Foi observado, em várias situações do assentamento, este acúmulo de tarefas pelas mulheres, atuando no espaço da produção e da reprodução. Não se pode dizer que não haja mistura de papéis entre os sexos, pois existe. Porém, o período da pesquisa não foi suficiente para verificar com que sistematicidade os homens se misturam nas tarefas de casa, embora a mistura tenha sido observada ou relatada. Na família de dona Consuelo, cujo depoimento está transcrito a seguir, quando chegamos para a entrevista, havia um rapaz (filho da entrevistada)

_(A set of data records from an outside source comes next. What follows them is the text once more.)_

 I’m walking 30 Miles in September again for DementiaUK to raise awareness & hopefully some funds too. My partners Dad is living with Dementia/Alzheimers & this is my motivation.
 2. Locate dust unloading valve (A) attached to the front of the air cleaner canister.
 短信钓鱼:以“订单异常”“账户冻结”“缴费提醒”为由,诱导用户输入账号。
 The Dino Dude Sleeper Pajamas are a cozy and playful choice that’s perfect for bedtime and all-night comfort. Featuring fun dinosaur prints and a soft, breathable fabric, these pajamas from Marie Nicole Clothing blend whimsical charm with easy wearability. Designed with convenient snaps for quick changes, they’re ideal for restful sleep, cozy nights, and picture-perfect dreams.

de 14 anos, na cozinha, fritando bolinhos de polvilho naturalmente, como quem sempre executa esta tarefa que continuou a ser feita, sem intimidação

“As mulheres trabalham até mais que os homens, muitas vezes trabalha mais. Eu

mesma, muitas vezes, eu faço muito mais do que os homens porque eu faço serviço de casa ainda. Você vê, esta semana, aqui em casa” tá tudo petecado”, mas eu tô fazendo farinha, carregando mandioca de uma distância de mais de dois quilômetros e, chega aqui ‘casco’ e levo lá para a fazenda para moer e torrar lá e venho de lá para cá cansada. Agora, ontem eu terminei a farinha e agora eu tô cuidando com o polvilho. Muitos homens não dão conta de lidar com o gado, lidar com a obrigação dele lá e cuidar deste jeito. E eu cuido deste jeito e ainda ajudo o menino com as vacas, dar ração e tudo. Fica cansada, a gente fica muito cansada. Mas, fica cansada com prazer. A vida é difícil, mas é um difícil que a gente fica prazerosa” (Dona Consuelo, 56 anos, setembro de 2004).

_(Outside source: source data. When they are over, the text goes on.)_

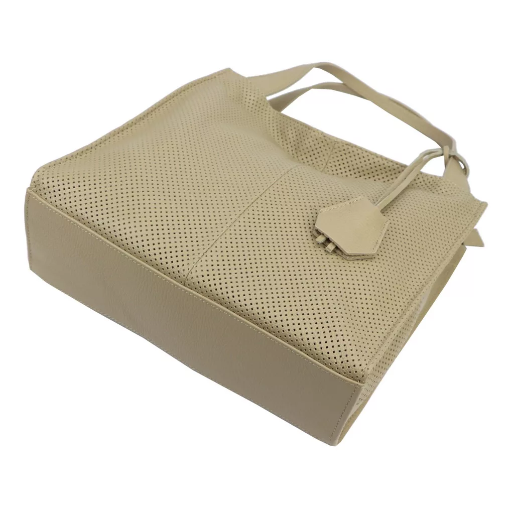 Formáját tekintve enyhén lágy tartású, természetesen ívelt felső vonallal rendelkezik, amely elegáns, mégis laza hatást kelt. A hosszabb kézifogók lehetővé teszik a kényelmes vállon vagy kézben történő hordást. Oldalán dekoratív bőr függő dísz található, amely finoman kiemeli a táska stílusát.
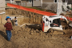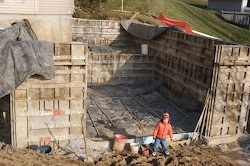 Foundation wall forms going up
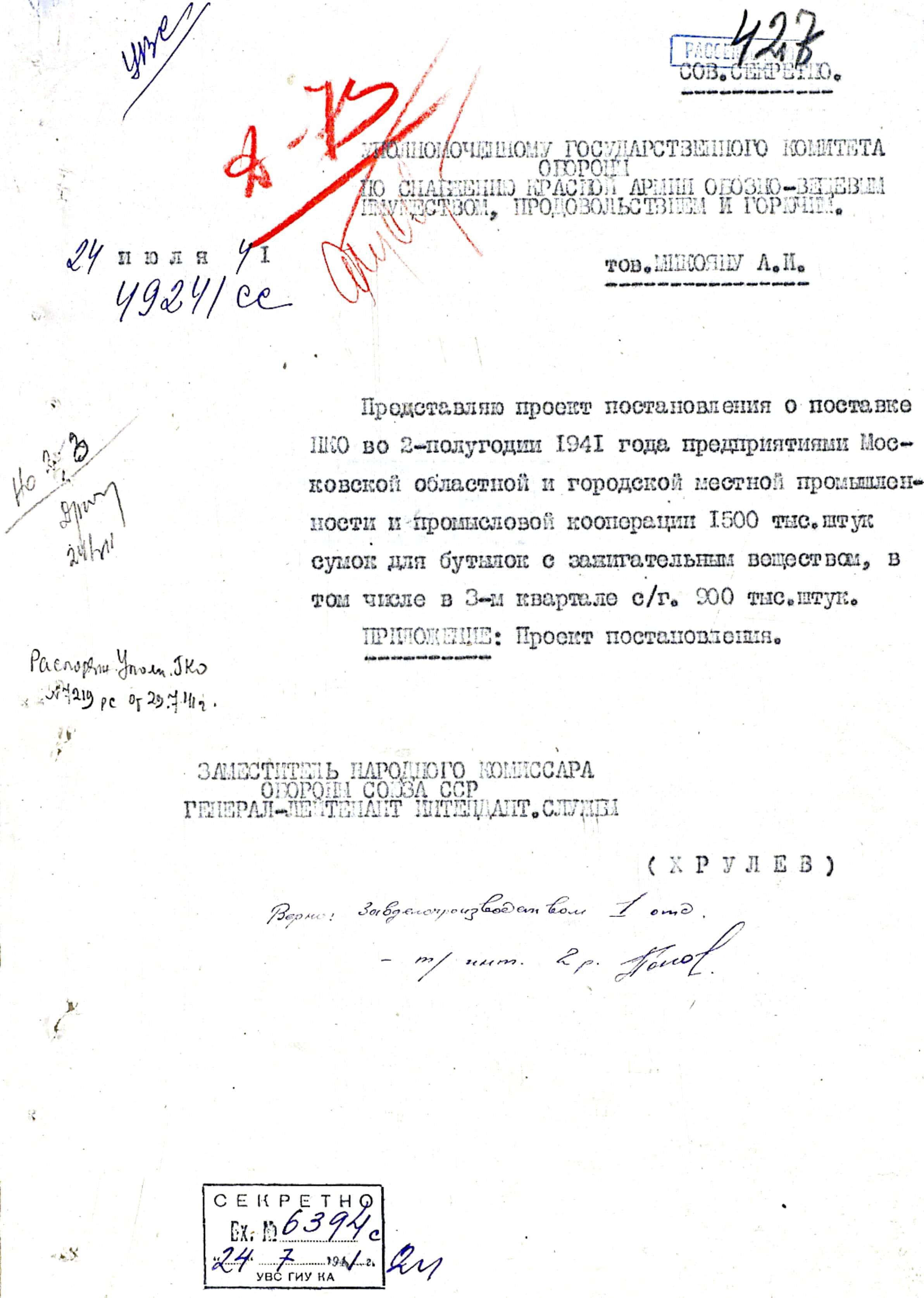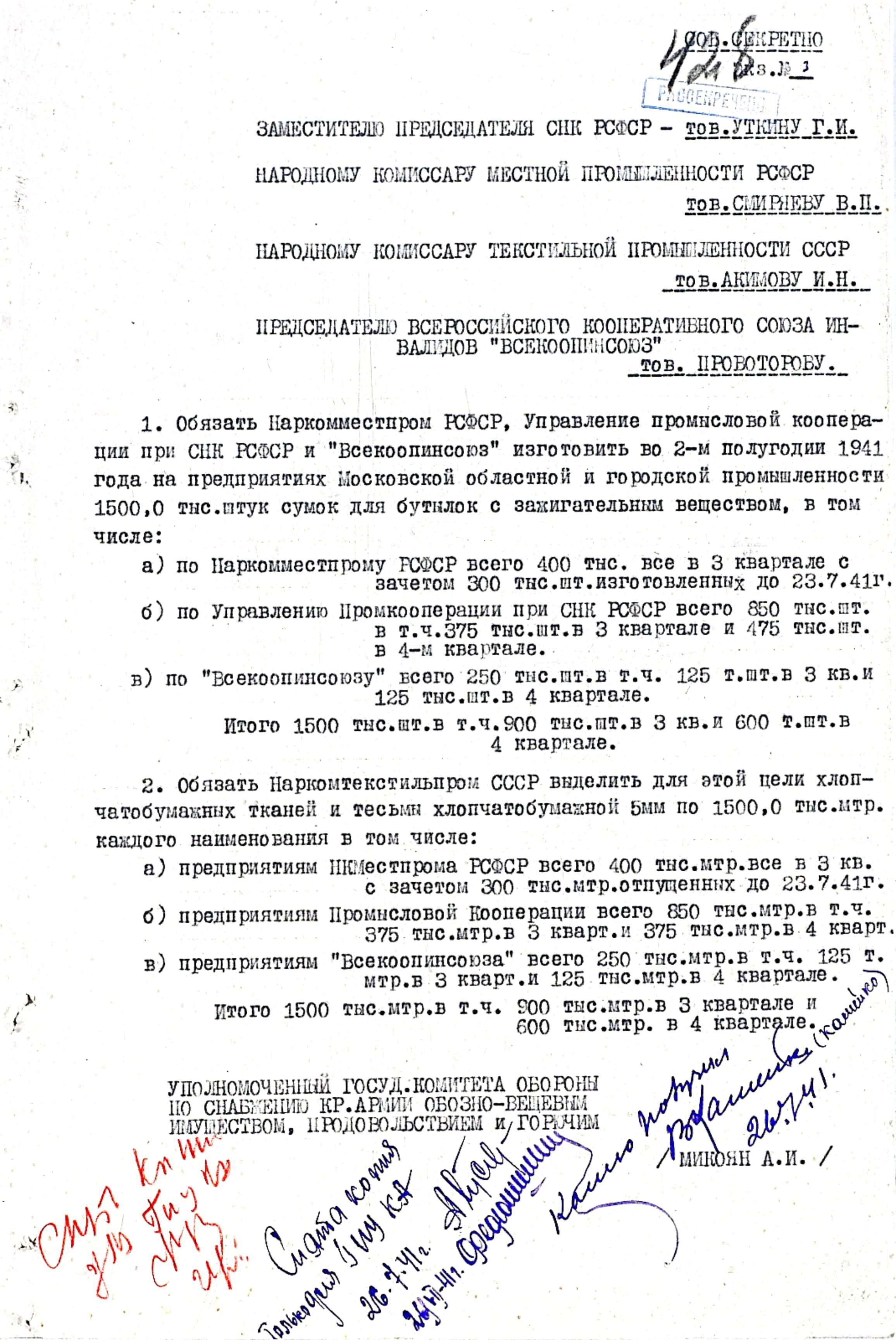 Тем не менее, промышленность поставляла специализированное снаряжение. Так, согласно постановлению ГКО, только на второе полугодие и только предприятиями Московской областной и городской промышленности должно было быть изготовлено полтора миллиона сумок для бутылок с зажигательной смесью. Цифра немалая, но одним этим заказом полностью закрыть потребность Красной Армии не получилось бы.

A experiência com agricultura familiar fez com que uma assentada fosse convidada para fazer uma apresentação em um seminário da Emater sobre as opções do agricultor familiar: criar galinhas ou criar gado? Em seu contexto específico e com simplicidade ela apresenta sua vivência:

“Eu estava lá fazendo um curso, o moço perguntou assim: ‘a senhora acha que galinha dá resultado?’. Falei: ‘dá mais que gado. Uma galinha dá resultado muito mais do que gado’. E ele calou, não falou mais nada não. Quando foi um dia, eles me chamaram lá pra falar por que a galinha dava mais resultado que gado. Gente, eu estava despreparada de tudo, mas eu fui muito aplaudida, sabe? Daí eu expliquei: ‘se você põe uma galinha pra chocar, com vinte e dois dias os pinto tira, com quatro, cinco meses está botando. Você vê, com dois anos que você leva pra vender um bezerro, quantos frangos que você já tirou daquela galinha? E eu tenho a experiência, porque eu já comprei gado com dinheiro de ovo, com dinheiro de frango, e então eu tenho experiência’. Fui pega de surpresa, mas parece que deu certo” (D.Severina,73 anos, setembro de 2004).